“Comments included a suggestion that Exxon executives be tossed
into the drifting oil”
— Re. Valdez, Combined Wire Services, April 24, 1989.


When Larry woke up it was night. He found himself immersed in sea water that seemed unusually cold. His arms and legs were moving; he was swimming toward a cluster of lights on the shore. There were sounds of other bodies plowing through the water next to him. He had difficulties breathing; something was clogging his nose, and the bristles around his mouth stuck together, painfully. There was also a heavy smell wherever he turned his nose, like the smell of junkyards and new driveways in July. The last time he’d been swimming, which was near the beach of his Caribbean holiday home, he’d been able to move his limbs much more freely.

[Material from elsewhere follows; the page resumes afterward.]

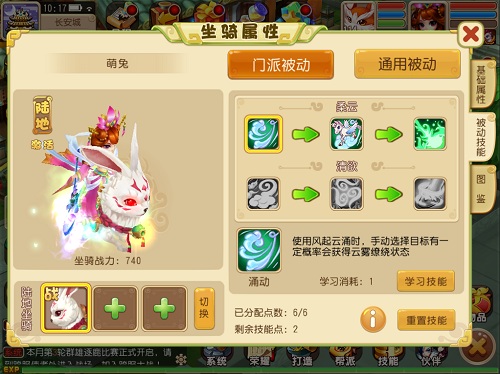 蓬莱岛的坐骑技能分为柔云和清欲。柔云有涌动、腾云、惊天,依次加强风起云涌、百毒不侵以及石破天惊的技能效果。清欲则有流云,聚神,缭绕,对应加强化气凝神、漫天花雨和云雾缭绕的技能效果。蓬莱岛更侧重技能辅助效果,所以此次更新的坐骑技能更多的围绕在技能释放上。

That last time his head had been full of Scotch, and he’d been facing the sun, following a streak of reflections. For a split second he thought he’d fallen asleep still swimming on that beach, and that cold currents were waking him now to the specter of the falling night. But then he remembered having actually swum back to the beach, and having seen Hellengrund, his Public Relations manager, and the members of the board lift their glasses which had sparkled in the late afternoon sun.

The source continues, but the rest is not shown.